In Storm Fiend's Grip.

It was on April 27, when the barque was in the Southern Ocean, that she was overtaken by a west to south-west gale, which blew great guns, and all that could be done was to keep the vessel before it. At night the sea got worse, and just before midnight the labouring vessel was pooped by a tremendous sea which carried away the wheel, the binnacle, the companion hatch, stove in the skylight, damaged the half-deck house, and injured the chief officer. Captain Danvers, the master of the Countess, who seems to have been a thorough sailor, and must have handled his ship with consummate skill to bring her safely through such an ordeal, brought his vessel to the wind and rigged temporary steering gear. The hurricane continued to rage with unabated vigour, and next morning at half-past five o'clock the barque was swept by a sea which carried away the deckhouse and the mainrail, and swept overboard nine of the crew and a passenger.

One of the men was asleep in his bunk in the deckhouse when it was wrenched from its solid iron fastenings and went crashing over the side. The men carried overboard were the second officer (Mr. Squire), Mr. McLean (apprentice), H. Farrow (cook), Edward Freeman, James Firby, R. Sheriff, Thomas Burgess, and William Brand (able seaman), and a passenger named Edward Earl. The fate of the passenger was particularly hard, as it was only owing to his good nature that he was in a position of danger. Knowing that the crew had been having a terrible time battling with the storm, he volunteered to go and make some hot coffee.
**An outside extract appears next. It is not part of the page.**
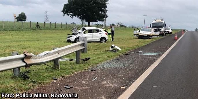 Acidente de trânsito ocorrido na manhã deste domingo, dia 20, na Rodovia Raposo Tavares (SP-270), no município de Rancharia, resultou na morte de uma mulher de 59 anos e ferimentos em outros dois homens, esposo e filho da vítima fatal. O choque contra defensa metálica da rodovia aconteceu no quilômetro 508 e foi registrado por volta das 08h50 pela Polícia Militar Rodoviária.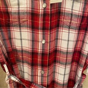 Brand new with tag. Women’s red plaid tie waist dress with pearl snap buttons. Western cowboy style. Comes from smoke and pet free home.

Some of his fellow passengers tried to dissuade him, but he persisted in going on deck, and shortly afterwards he was swept overboard.

Passengers Man Pumps.

When the deckhouse was swept overboard the solid iron bolts with which it was fastened down were torn from the deck, and a good deal of water got below before the holes were noticed. The hurricane which struck the barque blew such sails as were set to ribbons. Passengers were called to the pumps, as the ship was making water, and a strenuous time ensued. At one time there was 6ft of water in the hold. Eventually the storm abated, and Captain Danvers and the remnant of the crew were able to set about repairs. The passengers helped manfully. Under the circumstances Captain Danvers decided to put into Hobart, which was the nearest port, and after an anxious month, during most of which the weather fortunately kept fine, the barque reached port. After repairs she resumed her voyage to Lyttelton, where she arrived on August 27, over eight months from the time she left the Thames. She lay for a long while in Lyttelton, and the next record of her is that she sailed on July 20, 1865, for Hobart Town. Mrs. Armstrong says that her parents and some of the other passengers, finding that the repairs to the barque would take a long while, came over to Lyttelton in another vessel. The first of the Countess of Seafield's passengers to reach Lytteltonpage 231 were some people who arrived by the barque Christina, which left Hobart on June 12 and made Lyttelton on July 1, 1864. Mrs. Armstrong says she understood that the Countess of Seafield was sold in Hobart, and the fact that when the barque did eventually leave Lyttelton she returned to Hobart suggests that she had passed to Australian owners.